First question I have to ask is why do they wear the halters...to lead them with, or to tie them with while hitching? A rope halter should NEVER be used to tie a horse with...ever.

You can have a heavier beta or leather caveson than normal made for your bridle...with a tie ring on the chin strap. That is, in effect...a halter, as it is a separate headstall.

I cannot wrap my mind around why they require a halter UNDER the bridle, and one over it will not do. IMO, most halters worn under a bridle will prevent the bridle from fitting correctly. I would definately go with the caveson idea.


----------



## hobbyhorse23 (Nov 5, 2010)

Sue_C. said:


> I cannot wrap my mind around why they require a halter UNDER the bridle, and one over it will not do.


Ditto!




Why on earth do they think it's necessary for a horse to wear a halter in order to be safe while driving??

Leia


----------



## susanne (Nov 5, 2010)

I do it not for driving, but for harnessing next to a busy highway travelled by idiots who think it's cute to honk at horses. I've never had a problem, but I'm paranoid. If I still had my buckle-nose halter, I'd take it off once harnessed.

Since the chin strap is quite long on our bridle, I run it under the gullet strap of the halter to prevent unplanned halter removal.

This may sound lazy, but I want the halter along in case we have to lead or tie him, and if he wears it I don't have to pack it in the spares kit or tie it to the cart.

Myrna is correct that a grooming collar would be a good alternative for safe harnessing.

We like to go on picnic drives, so I'd like to have a convertible halter bridle -- perhaps simply a self-contained cavesson/halter that would would act as a halter when the bridle is removed, but would eliminate extraneous straps when driving.

If the wheel aint broke, break it.
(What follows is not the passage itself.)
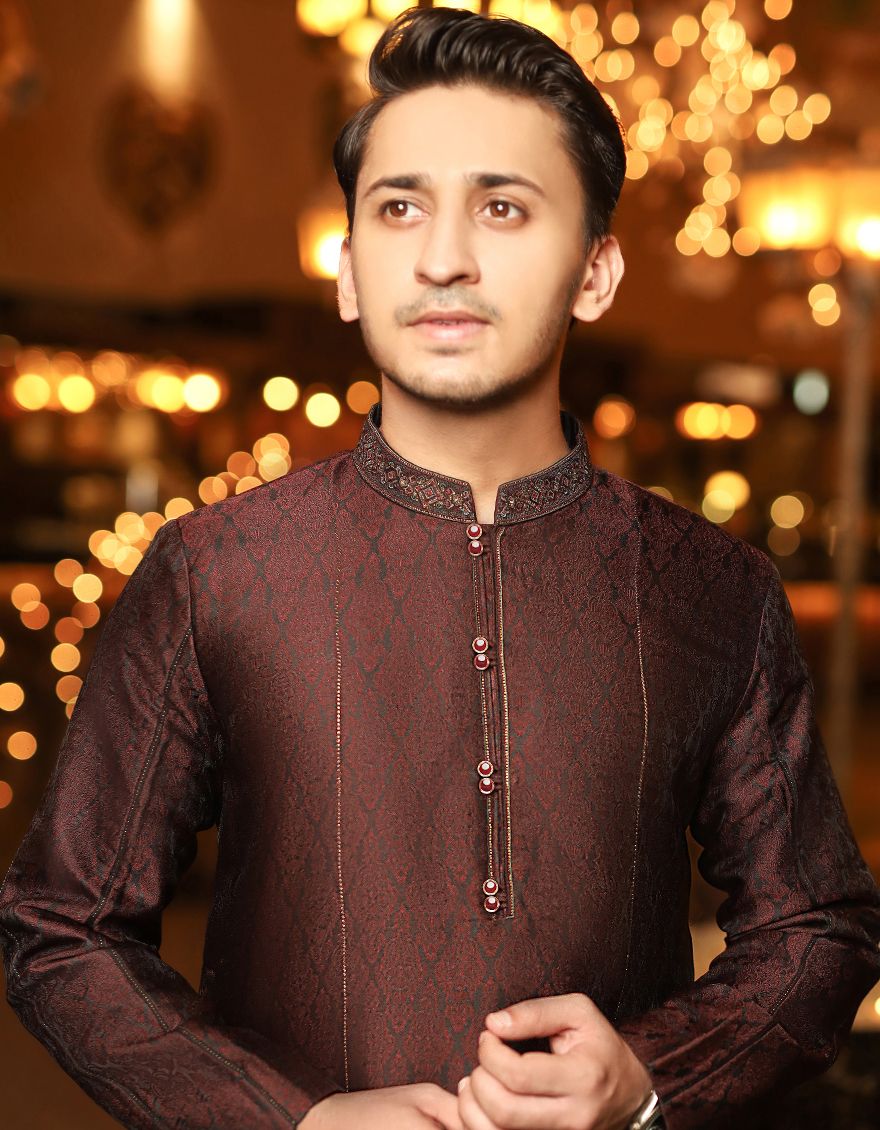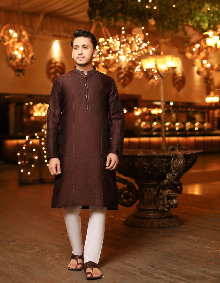 Formal Inner Lining Teens Kurta With Stitching Details On Front Panels With Zardozi Work on Collar & Front Placket, Black Silk Detail Inside Collar And Sleeves.

LOL.


----------



## sdust (Nov 5, 2010)

Thanks for all the comments. The reason, not that I agree, is if a horse gets its bridle off then there is a halter to grab.... But in my opinion, if the bridle can come off then so can the halter. Can someone give me a link to a grooming collar? Thanks Debbie


----------



## susanne (Nov 5, 2010)

.

Here's Camptown's grooming collar...

http://www.camptownharness.com/index.php?pg=Just%20for%20Minis&i=47

...but as you can see, there is not much difference between this and a big dog collar.
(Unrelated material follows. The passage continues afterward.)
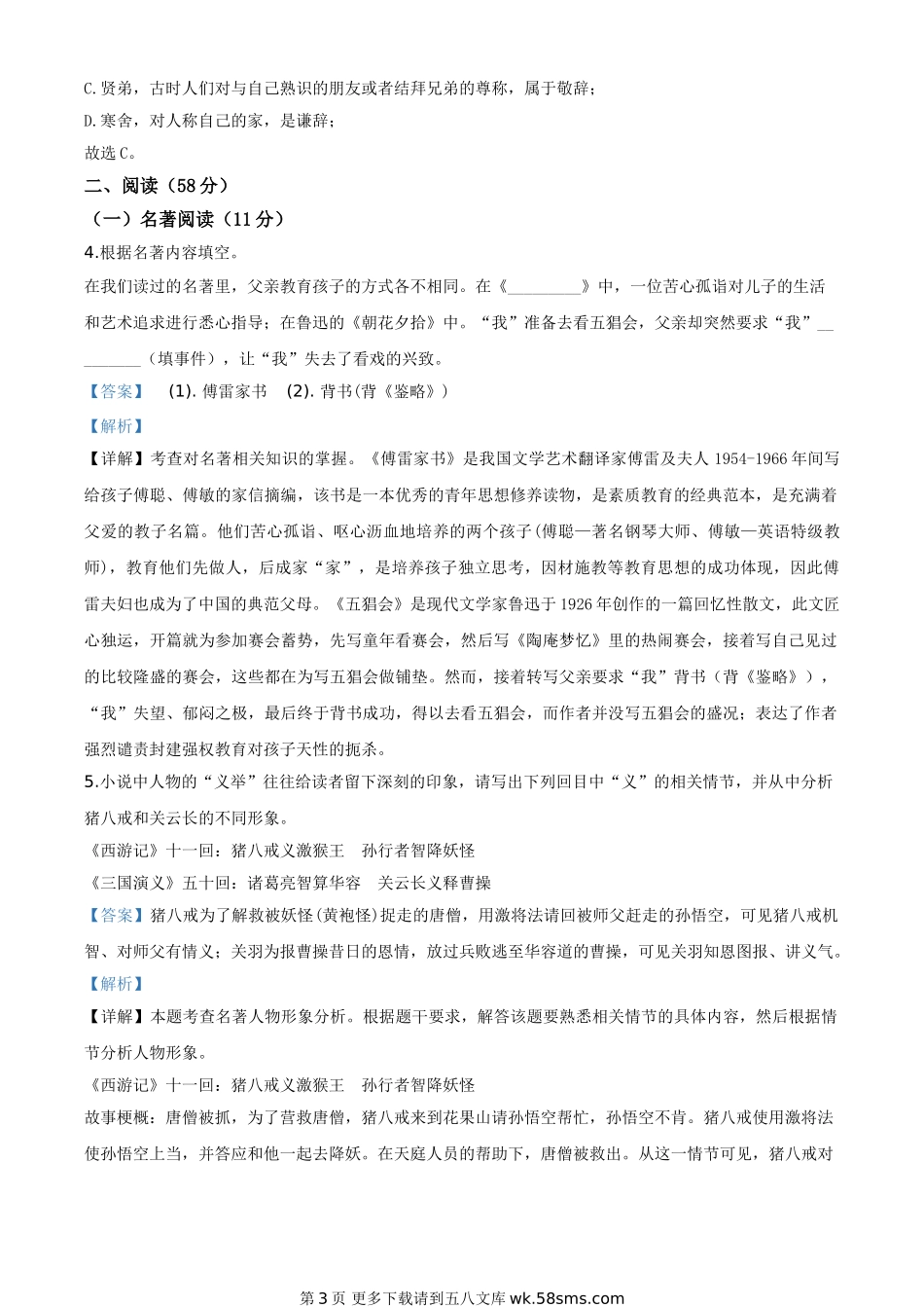 2020年中考真题精品解析 语文(浙江台州卷)精编word版.doc_第3页

I took a soldering iron and poked a hole in the crownpiece of an old, heavyweight nylon halter. Of course, you then have the rest of the halter hanging from their neck, but it works for clipping and grooming, as well as for harnessing.

For your club's purposes as you stated, it would make more sense to require a gullet strap on the bridle. That is what keeps a halter on while a bridle can slip over the ears.


----------



## hobbyhorse23 (Nov 6, 2010)

I would think the horse would be more likely to get the bridle off with a halter under it as it wouldn't fit as well with all the bulky straps beneath it. That, and the horse is going to try and rub his head more because the cheekpieces push the metal pieces of the halter into his cheeks. Ugh! No, the only way I'd drive with a halter underneath is a rope halter or using an open bridle with no cavesson so the horse isn't overwhelmed with stuff on its head. Every horse is different of course, but the more stuff you put on Kody's head the more he rubs and fusses. He much prefers to keep it simple!

I agree with Susanne. If they're that concerned they should insist on a gullet strap but don't mandate halters when that may not be either safe or comfortable for everyone.

Leia


----------